3.6.1. Method Used for Calculations

Evaluation of Specific Fuel Consumption

The specific fuel consumption measured during the test process describes the relationship between the volume of fuel used and the power provided by the engine. After the experiments, the necessary calculations were carried out based on the method presented in Equations (1) and (2):

$$B={\displaystyle \frac{500\times {\rho }_y\times 3.6}{\mathrm{∆}t}}$$

(1)

• B: Denotes the mass-based fuel consumption rate expressed on an hourly basis (kg/h);
• ∆t: Represents the time interval required for the consumption of 500 mL of fuel;
• ρ_y: Refers to the density of the tested fuel sample (kg/L);

$$b_e={\displaystyle \frac{B}{P_e}}$$

(2)

• b_e: Is defined as the specific fuel consumption per unit output power (kg/kWh);
• P_e: Indicates the brake power produced by the engine (kW).

Thermal Efficiency

Thermal efficiency is defined as the proportion of useful power produced by the engine relative to the total energy input delivered through the fuel. In this study, the calculation of thermal efficiency was carried out using the formulation presented in Equation (3):

$${\eta }_t={\displaystyle \frac{3600N_e}{{BH}_u}}={\displaystyle \frac{3600N_e}{{N_e{b}_{e}H}_u}}={\displaystyle \frac{3600}{{b_{e}H}_u}}$$

(3)

• N_e: Corresponds to the effective power delivered by the engine (kW);
• η_t: Expresses the overall thermal efficiency of the engine system;
• H_u: Corresponds to the lower calorific value characterizing the energy content of the fuel (kJ/kg).

3.6.2. Error Analysis

Multiple experimental measurements were performed throughout the evaluation of the fuel samples. To evaluate the accuracy and consistency of these measurements, an uncertainty analysis approach was adopted. Factors including experimental conditions and the calibration quality of the measuring instruments were identified as the main contributors to measurement deviations. The overall experimental uncertainty (U, %) was determined using the root sum square method, in which the individual uncertainties of key performance parameters (e.g., $u_{SFC},u_{TE}$) were combined. The general expression employed for this analysis is provided in Equation (4):

$$U=\sqrt{u_{SFC}^2+u_{TE}^2+u_{{NO}_x}^2+u_{CO}^2+u_{HC}^2+u_{SE}^2+u_{EGT}^2}$$

(4)

$$U=\sqrt{{\left(1.07\right)}^2+{\left(0.292\right)}^2+{\left(1\right)}^2+{\left(0.01\right)}^2+{\left(1\right)}^2+{\left(0.1\right)}^2+{\left(0.1\right)}^2}=\pm 1.803\%$$

3.7. Machine Learning System (MLS)

In biodiesel fuel production, data analysis-based methods have become widely used to achieve optimal results. Among these methods, machine learning-based modeling approaches stand out. Machine learning aims to develop predictive models from existing data by combining mathematical and statistical infrastructure through computer software. The modeling process relies on the combined evaluation of the dataset and the algorithm used. In this study, the linear regression method, one of the machine learning techniques, was used. Linear regression establishes the relationship between independent variables and the predicted value, enabling the calculation of the error rate [34]. A review of the existing literature reveals that studies on the machine learning supported analysis of the environmental and economic impacts of biodiesel fuel data are limited. Therefore, in our study, linear regression analysis was preferred to determine the extent to which the data of the fuel samples approached the optimum values. The general structure of the model used is shown in Figure 19.

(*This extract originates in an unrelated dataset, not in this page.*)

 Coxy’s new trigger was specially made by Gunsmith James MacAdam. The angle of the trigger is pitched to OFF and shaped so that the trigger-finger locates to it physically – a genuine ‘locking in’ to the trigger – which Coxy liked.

A graphical summary showing the stages of the study is shown in Figure 20.

3.8. Optimization and Artificial Intelligence Modeling

In order to interpret and predict the combined performance and emission response of biodiesel fuels modified with hybrid SiO₂–NiO nanoparticles, a machine learning–assisted optimization strategy was adopted. Linear regression was chosen as the prediction model, as it provides an effective framework for analyzing continuous experimental datasets. The model was constructed using experimental parameters such as engine load, specific fuel consumption, exhaust gas temperature, CO, HC, and NO_x emissions, smoke opacity, and thermal efficiency. To avoid bias arising from differences in parameter scales, the dataset was normalized prior to modeling. The available data were divided into two groups, with 80% used for training the model and 20% employed for validation. The main objective of the modeling approach is to determine the optimum hybrid nanoparticle concentration that maximizes thermal efficiency while minimizing emissions and SFC. Linear regression results showed a high agreement between measured and predicted CO₂ emissions (R² = 0.956; MSE = 1.08 × 10⁻⁵). Furthermore, the model was found to successfully reflect the nonlinear emission trends that emerged with increasing nanoparticle concentration up to 100 ppm. Optimization results revealed that the WSOB20 + 100 ppm NiO–SiO₂ fuel mixture is the most suitable option in terms of overall performance and emissions. The agreement of the modeling outputs with the experimental results demonstrates that the linear regression approach is a reliable tool for predicting biodiesel fuel behavior.

4. Conclusions

The experimental evidence presented in this study shows that enriching waste sunflower oil biodiesel with hybrid NiO–SiO₂ nanoparticles leads to measurable improvements in engine efficiency and exhaust quality. The uniform dispersion of mostly spherical particles below 100 nm, confirmed by SEM analysis, appears to support a more controlled and complete combustion process. This structural characteristic is directly reflected in engine performance outcomes. Among the tested fuels, the WSOB20 blend containing 100 ppm nanoparticles delivered the most consistent results. Under identical operating conditions, thermal efficiency increased by 3.50% and specific fuel consumption decreased by 2.20%, indicating a clearer conversion of fuel energy into useful work. Emission behavior showed even greater improvement. CO, HC, and smoke emissions declined by 39.50%, 39.40%, and 35.20%, respectively, demonstrating that incomplete combustion products were substantially reduced. Although a slight rise in NO_x emissions was observed, this increase does not offset the overall reduction in harmful exhaust components. The regression-based model used for CO₂ prediction produced a very low mean squared error (1.08 × 10⁻⁵), confirming that computational tools can reliably support experimental findings. While longer-term durability and NO_x mitigation strategies should be examined in future research, the present data clearly indicate that combining nanotechnology with waste-derived biodiesel offers a practical route toward cleaner and more efficient diesel engine operation.